● **TASK STATEMENT**
Find all the lines in the entries below that hold the word "中国网络文化审美" and copy them.

● **TASK DATA**
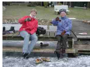
Zwischen den Laufunden eine Punsch Anheizung.
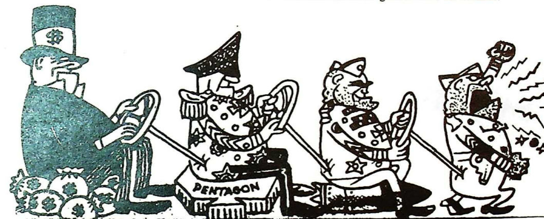
De militaire machine gezien door de soldaat.

De morele tweestrijd, die een gevolg is van het bestaan van de deserteurs, zal niet makkelijk op te lossen zijn. Maar, zoals een jonge deserteur zei, toen de problemen naar voren gebracht werden: 'Je begint met de oorlog. Is die te rechtvaardigen, dan klopt één serie antwoorden. Is hij dat niet, zoals ik denk, dan heb je iets heel nieuws.'
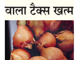
नई दिल्ली 24 मार्च (एजेंसियां)। केंद्र सरकार ने प्याज पर लगने वाले 20 प्रतिशत निर्यात शुल्क को पूरी तरह खत्म कर दिया है। मोदी सरकार ने प्याज पर लगने वाले 20 प्रतिशत एक्सपोर्ट टैक्स को पूरी तरह समाप्त करने का महत्वपूर्ण निर्णय लिया है। किसानों के हित में लिया गया यह
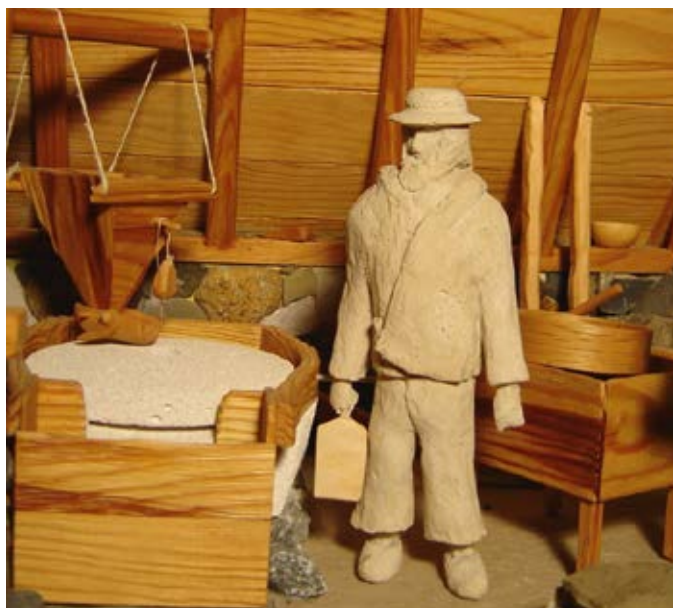
Dans un moulin pyrénéen
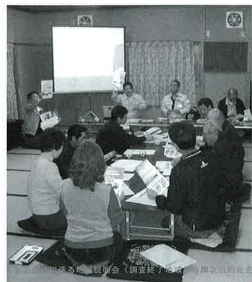
土砂災害危険区域説明会

町内の土砂災害危険箇所は、土石危険渓流が50カ所、地すべり危険箇所が275カ所の合計353カ所ある。平成20年度までに調査と地区説明を終えて区域指定された地区が、土石流危険渓流で11カ所、急傾斜地崩壊危険箇所が18カ所の合計29カ所となっている。全体の土砂災害の危険箇所数の約8%が指定済みとなっている。
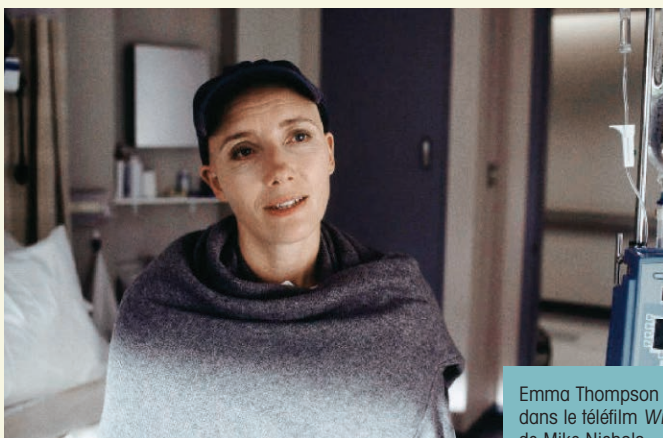
Emma Thompson dans le téléfilm Wit de Mike Nichols (2001), adaptation de la pièce de Margaret Edson.
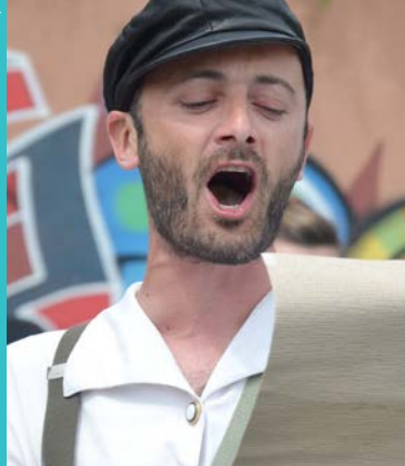
Crieur de rue
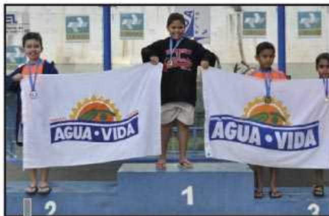
Água Vida revela novos talentos para a natação

Para as próximas etapas, que acontecerão em setembro e dezembro, a Água Vida levará novos atletas e pretende sagrar-se campeã absoluta do DF.
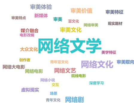
图 1-2 “中国网络文化审美”关键词共现分析

对“中国网络文化审美”关键词进行共现分析，发现国内的研究热点主要集中在网络文化、审美文化、网络文学、审美价值、审美教育、审美、大众文化、网络剧、审美体验、审美取向等方向（图 1-1），多发表在《电影文学》《当代电视》《中国文艺评论》《中州学刊》《社会科学辑刊》《艺术百家》等人文社科类核心期刊上（图 1-2）。
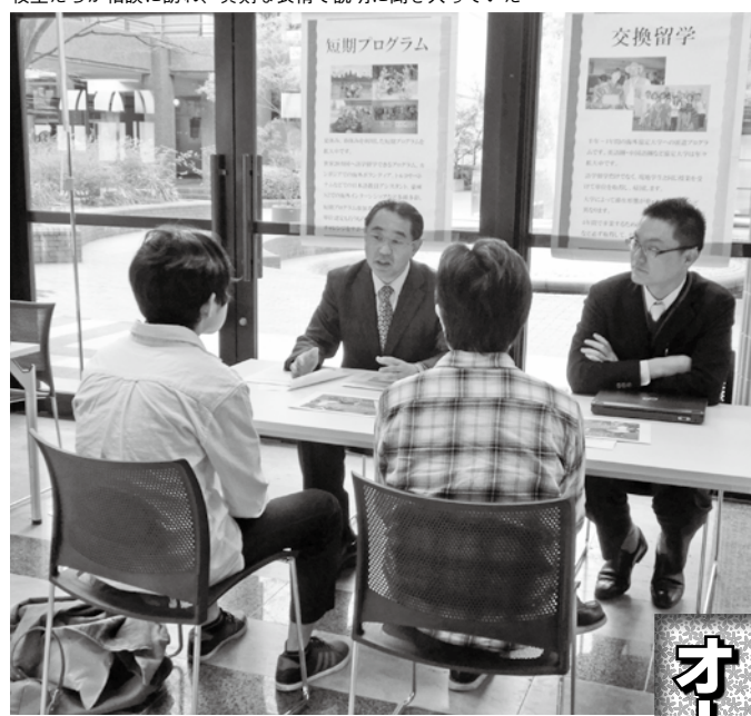
海外に真剣にチャレンジするための様々なプログラムを紹介する国際交流のブース。高校生たちが相談に訪れ、真剣な表情で説明に聞き入っていた

● **RESPONSE BOX**
图 1-2 “中国网络文化审美”关键词共现分析
对“中国网络文化审美”关键词进行共现分析，发现国内的研究热点主要集中在网络文化、审美文化、网络文学、审美价值、审美教育、审美、大众文化、网络剧、审美体验、审美取向等方向（图 1-1），多发表在《电影文学》《当代电视》《中国文艺评论》《中州学刊》《社会科学辑刊》《艺术百家》等人文社科类核心期刊上（图 1-2）。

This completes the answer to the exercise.